_DIRECTIONS FOR THIS TASK_
Look through the entries for the string "them", and copy each line that holds it.

==== SUPPLIED MATERIAL

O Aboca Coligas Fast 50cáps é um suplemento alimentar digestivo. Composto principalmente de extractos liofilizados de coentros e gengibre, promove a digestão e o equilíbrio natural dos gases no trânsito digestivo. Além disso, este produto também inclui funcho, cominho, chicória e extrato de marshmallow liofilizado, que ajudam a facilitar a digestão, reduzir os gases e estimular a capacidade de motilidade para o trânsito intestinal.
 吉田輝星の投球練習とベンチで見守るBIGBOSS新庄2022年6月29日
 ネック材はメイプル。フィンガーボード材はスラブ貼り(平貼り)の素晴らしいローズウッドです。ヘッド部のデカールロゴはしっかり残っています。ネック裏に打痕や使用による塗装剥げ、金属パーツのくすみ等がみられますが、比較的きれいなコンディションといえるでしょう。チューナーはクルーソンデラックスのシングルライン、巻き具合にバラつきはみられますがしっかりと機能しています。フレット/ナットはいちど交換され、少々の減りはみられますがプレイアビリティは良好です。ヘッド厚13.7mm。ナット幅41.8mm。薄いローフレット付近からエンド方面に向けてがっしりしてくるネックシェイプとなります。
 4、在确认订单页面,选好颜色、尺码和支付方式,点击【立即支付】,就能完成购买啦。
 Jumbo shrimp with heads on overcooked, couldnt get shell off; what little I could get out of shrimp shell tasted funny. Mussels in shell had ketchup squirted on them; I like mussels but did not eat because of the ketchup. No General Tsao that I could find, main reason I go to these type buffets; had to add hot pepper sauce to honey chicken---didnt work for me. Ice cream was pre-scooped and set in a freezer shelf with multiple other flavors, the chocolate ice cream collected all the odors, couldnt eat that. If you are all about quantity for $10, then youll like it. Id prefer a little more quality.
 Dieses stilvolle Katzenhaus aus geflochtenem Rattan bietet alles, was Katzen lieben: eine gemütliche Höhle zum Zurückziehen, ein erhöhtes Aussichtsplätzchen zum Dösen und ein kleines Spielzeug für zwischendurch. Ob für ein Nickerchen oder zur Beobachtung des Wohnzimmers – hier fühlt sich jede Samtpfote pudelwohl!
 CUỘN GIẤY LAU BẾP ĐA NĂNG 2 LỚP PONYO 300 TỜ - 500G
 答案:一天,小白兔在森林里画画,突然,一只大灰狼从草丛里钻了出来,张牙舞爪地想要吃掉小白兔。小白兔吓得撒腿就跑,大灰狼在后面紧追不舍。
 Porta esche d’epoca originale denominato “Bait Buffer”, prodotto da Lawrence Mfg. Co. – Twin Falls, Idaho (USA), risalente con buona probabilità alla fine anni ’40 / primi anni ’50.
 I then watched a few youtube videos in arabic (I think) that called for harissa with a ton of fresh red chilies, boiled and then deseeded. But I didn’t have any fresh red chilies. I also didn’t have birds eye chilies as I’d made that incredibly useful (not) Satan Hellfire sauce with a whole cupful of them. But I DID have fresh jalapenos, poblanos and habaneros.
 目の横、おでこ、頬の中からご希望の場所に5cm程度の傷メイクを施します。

========
==== SUPPLIED MATERIAL

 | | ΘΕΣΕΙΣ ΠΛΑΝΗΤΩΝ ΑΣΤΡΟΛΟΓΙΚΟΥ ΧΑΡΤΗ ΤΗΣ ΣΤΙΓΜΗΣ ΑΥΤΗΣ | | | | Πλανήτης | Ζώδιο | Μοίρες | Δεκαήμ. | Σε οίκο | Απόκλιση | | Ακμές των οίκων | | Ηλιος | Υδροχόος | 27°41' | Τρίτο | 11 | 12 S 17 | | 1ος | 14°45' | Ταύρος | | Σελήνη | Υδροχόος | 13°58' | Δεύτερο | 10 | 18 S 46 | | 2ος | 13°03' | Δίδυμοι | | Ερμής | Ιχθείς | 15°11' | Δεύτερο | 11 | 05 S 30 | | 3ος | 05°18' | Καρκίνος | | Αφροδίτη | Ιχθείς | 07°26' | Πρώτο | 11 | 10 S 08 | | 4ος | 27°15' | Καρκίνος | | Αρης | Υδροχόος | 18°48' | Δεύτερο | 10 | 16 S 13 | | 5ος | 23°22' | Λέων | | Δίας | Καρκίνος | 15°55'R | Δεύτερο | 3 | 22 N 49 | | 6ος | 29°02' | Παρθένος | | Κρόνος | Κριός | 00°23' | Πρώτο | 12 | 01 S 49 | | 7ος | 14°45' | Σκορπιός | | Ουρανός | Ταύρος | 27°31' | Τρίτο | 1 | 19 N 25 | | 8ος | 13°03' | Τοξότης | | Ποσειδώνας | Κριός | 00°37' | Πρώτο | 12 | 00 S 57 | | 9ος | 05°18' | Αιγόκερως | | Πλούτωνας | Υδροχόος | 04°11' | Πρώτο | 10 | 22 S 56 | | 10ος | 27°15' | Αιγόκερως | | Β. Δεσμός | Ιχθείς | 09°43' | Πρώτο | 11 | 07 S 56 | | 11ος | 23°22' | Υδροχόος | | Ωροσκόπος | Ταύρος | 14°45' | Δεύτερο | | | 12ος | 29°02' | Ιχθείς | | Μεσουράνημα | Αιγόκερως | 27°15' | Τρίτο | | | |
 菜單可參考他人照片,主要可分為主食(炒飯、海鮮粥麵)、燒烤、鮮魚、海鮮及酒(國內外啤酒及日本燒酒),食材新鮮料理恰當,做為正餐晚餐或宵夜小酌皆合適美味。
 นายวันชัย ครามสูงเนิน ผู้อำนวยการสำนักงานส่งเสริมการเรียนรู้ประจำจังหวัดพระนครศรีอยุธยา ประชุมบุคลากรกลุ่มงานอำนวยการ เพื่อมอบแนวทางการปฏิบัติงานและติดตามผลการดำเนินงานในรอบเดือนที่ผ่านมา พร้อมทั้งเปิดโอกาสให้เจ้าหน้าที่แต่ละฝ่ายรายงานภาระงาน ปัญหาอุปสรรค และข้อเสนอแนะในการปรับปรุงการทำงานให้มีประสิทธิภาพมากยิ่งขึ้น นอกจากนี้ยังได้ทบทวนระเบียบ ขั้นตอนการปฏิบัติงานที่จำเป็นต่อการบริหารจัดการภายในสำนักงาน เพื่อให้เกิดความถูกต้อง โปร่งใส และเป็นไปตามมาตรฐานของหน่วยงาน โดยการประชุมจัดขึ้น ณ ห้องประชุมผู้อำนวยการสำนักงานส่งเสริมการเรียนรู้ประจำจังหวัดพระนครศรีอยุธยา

========

_ANSWER_
 Jumbo shrimp with heads on overcooked, couldnt get shell off; what little I could get out of shrimp shell tasted funny. Mussels in shell had ketchup squirted on them; I like mussels but did not eat because of the ketchup. No General Tsao that I could find, main reason I go to these type buffets; had to add hot pepper sauce to honey chicken---didnt work for me. Ice cream was pre-scooped and set in a freezer shelf with multiple other flavors, the chocolate ice cream collected all the odors, couldnt eat that. If you are all about quantity for $10, then youll like it. Id prefer a little more quality.
 I then watched a few youtube videos in arabic (I think) that called for harissa with a ton of fresh red chilies, boiled and then deseeded. But I didn’t have any fresh red chilies. I also didn’t have birds eye chilies as I’d made that incredibly useful (not) Satan Hellfire sauce with a whole cupful of them. But I DID have fresh jalapenos, poblanos and habaneros.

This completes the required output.